Raptis S, Mitrakou A, Hadjidakis D, Diamantopoulos E, Anastasiou C, Fountas A, Müller R
Second Department of Internal Medicine, Athens University, Greece.
Acta Diabetol Lat. 1987 Jul-Sep;24(3):181-92. doi: 10.1007/BF02732036.
Based on the known action of xanthine derivatives on the insulin secretion, the effect of pentoxifylline on carbohydrate homeostasis of type I (IDDM) and type II (NIDDM) diabetics was investigated. Pentoxifylline is known to exert a favorable influence on hemorheological disturbances in such patients.

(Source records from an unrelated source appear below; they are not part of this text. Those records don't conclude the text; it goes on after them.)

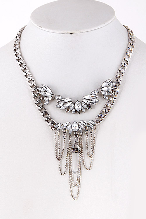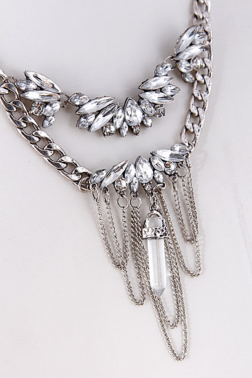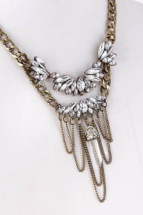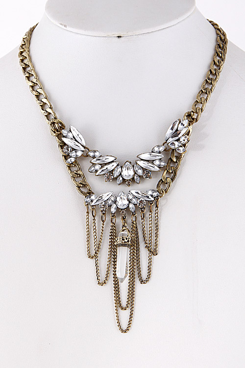 • * Spiky Rhinestone Statement Attached Chain Necklace 5EBJ11 * 14 x 3" approx.
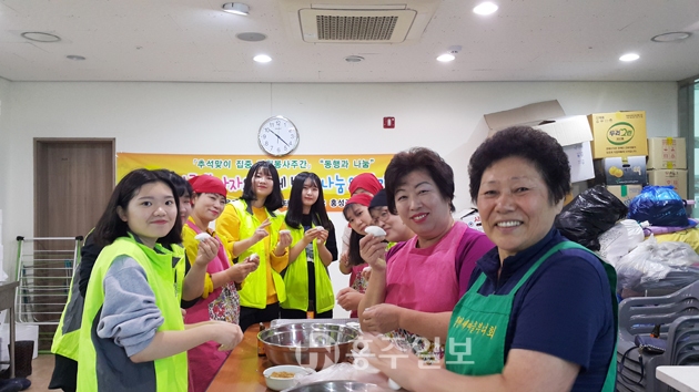 홍성군자원봉사광천읍거점센터(상담가 이난영)는 지난달 30일 광천읍행정복지센터에서 한국청소년복지문화원 충남본부 가족봉사단 10여명과 광천읍 봉사단체 회원들과 함께‘추석맞이 독거어르신을 위한 송편만들어 전달하기’ 행사를 개최했다. 저작권자 © 홍주일보 무단전재 및 재배포 금지 홍주일보 다른기사 보기 페이스북 카카오톡 URL복사 기사공유하기
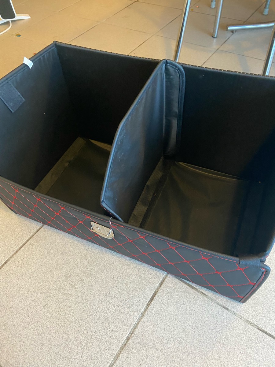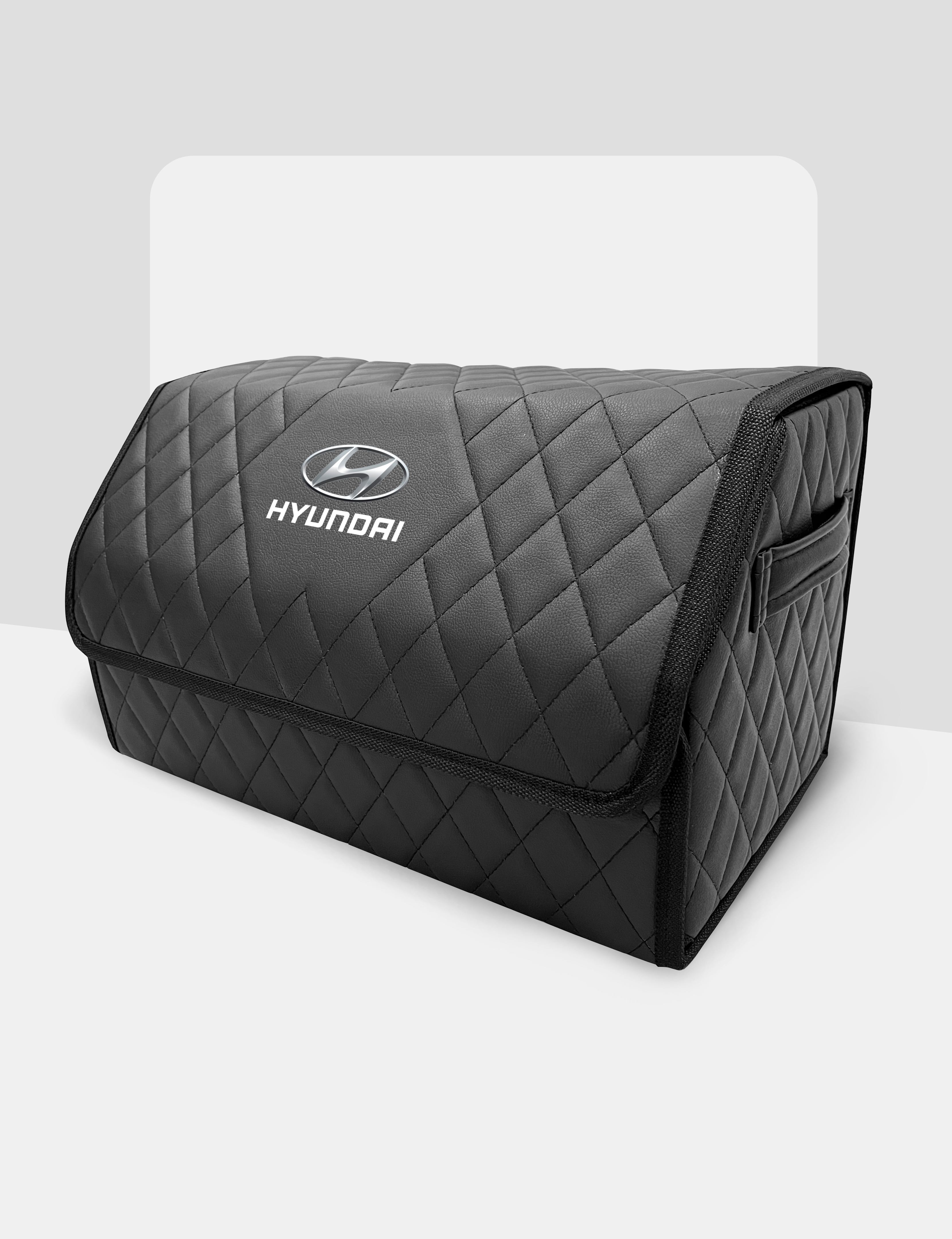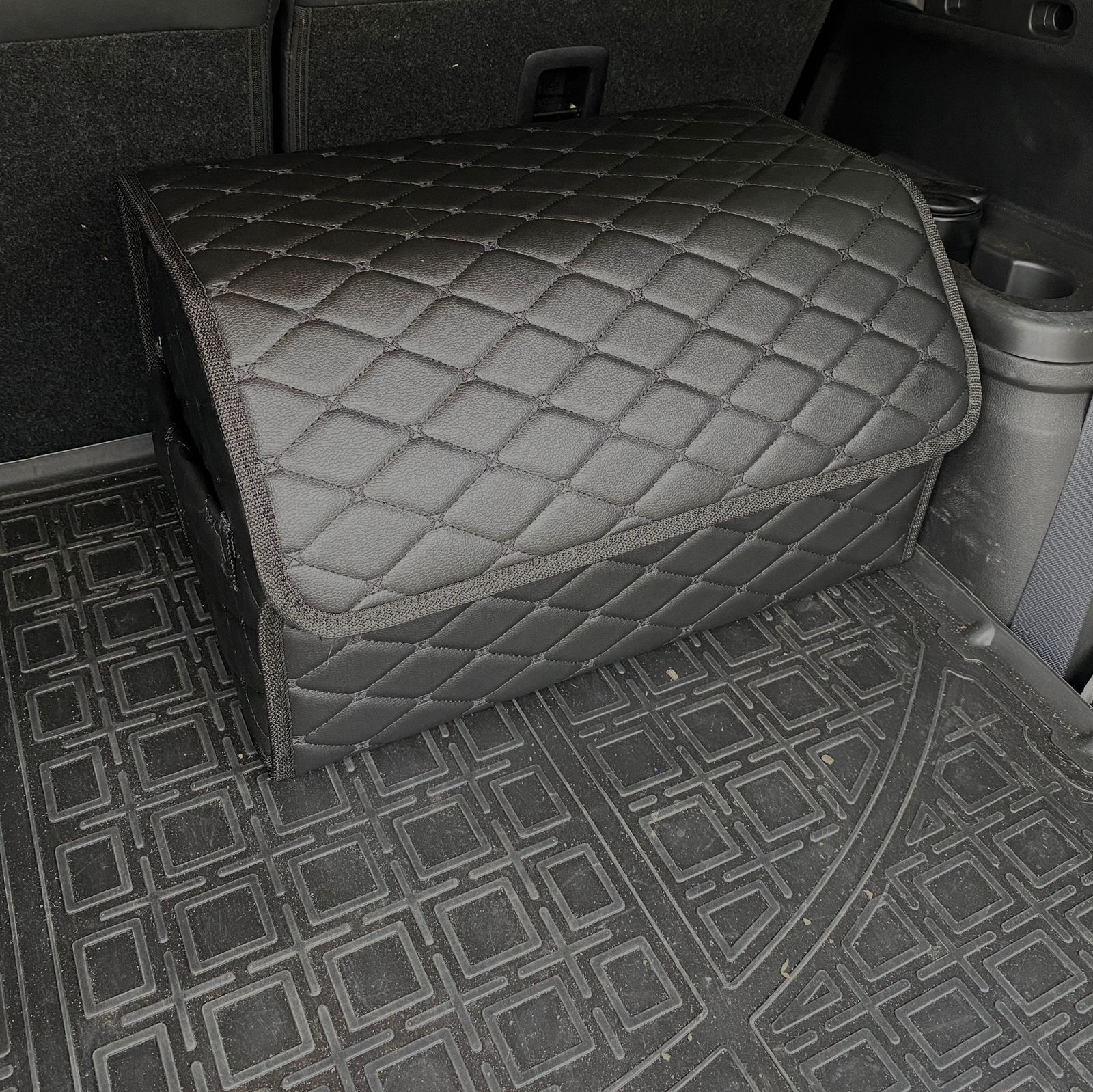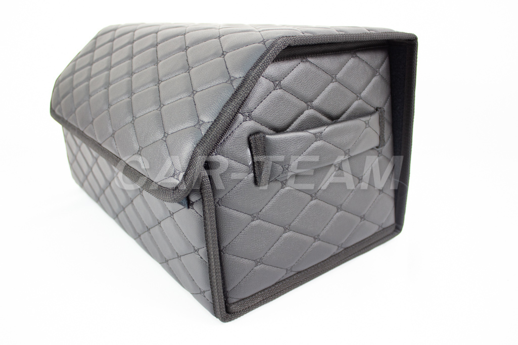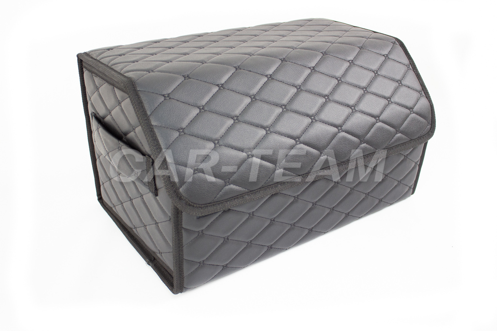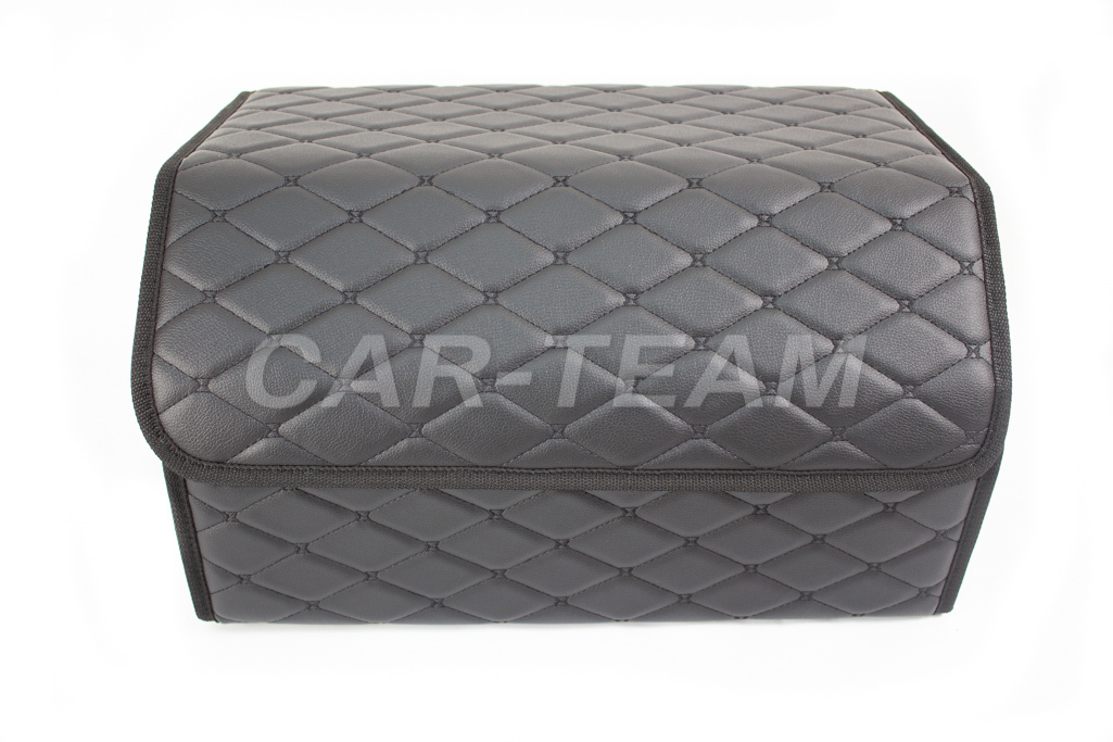 Саквояж (органайзер) в багажник из экокожи (50x30x30см), черные ромбики

Twenty-four hour blood glucose pattern and insulin requirements were evaluated in type I and type II diabetics by the use of the artificial pancreas before and after a 14-day treatment with pentoxifylline 400 mg p.o. (Trental 400) t.i.d. During the stabilization period before treatment with pentoxifylline, NIDDM patients required 10.1 +/- 3.8 U of insulin and the IDDM 35 +/- 13.7 U. After 2 weeks on pentoxifylline, NIDDM required only 6.3 +/- 2.8 U (p less than 0.05) and IDDM 28.5 +/- 9.7 U (n.s.). Average blood glucose during the 24h decreased by 15.8 +/- 3.5% in NIDDM and by 10.3 +/- 2.5% in IDDM. Moreover, a significant smoothing of glucose fluctuations during the 24h was noted in both groups. It is concluded that pentoxifylline administered concurrently to any antidiabetic type of treatment leads to better blood glucose control as well as to prevention or delay of vascular complications.
基于黄嘌呤衍生物对胰岛素分泌的已知作用,研究了己酮可可碱对I型(胰岛素依赖型糖尿病,IDDM)和II型(非胰岛素依赖型糖尿病,NIDDM)糖尿病患者碳水化合物稳态的影响。已知己酮可可碱对此类患者的血液流变学紊乱有有利影响。通过使用人工胰腺,在口服400mg己酮可可碱(曲克芦丁400)每日三次进行14天治疗前后,对I型和II型糖尿病患者的24小时血糖模式和胰岛素需求进行了评估。在使用己酮可可碱治疗前的稳定期,NIDDM患者需要10.1±3.8单位胰岛素,IDDM患者需要35±13.7单位胰岛素。使用己酮可可碱2周后,NIDDM患者仅需要6.3±2.8单位(p<0.05),IDDM患者需要28.5±9.7单位(无显著差异)。NIDDM患者24小时内的平均血糖下降了15.8±3.5%,IDDM患者下降了10.3±2.5%。此外,两组患者24小时内血糖波动均显著趋于平稳。得出的结论是,在任何抗糖尿病治疗的同时给予己酮可可碱可导致更好的血糖控制以及预防或延缓血管并发症。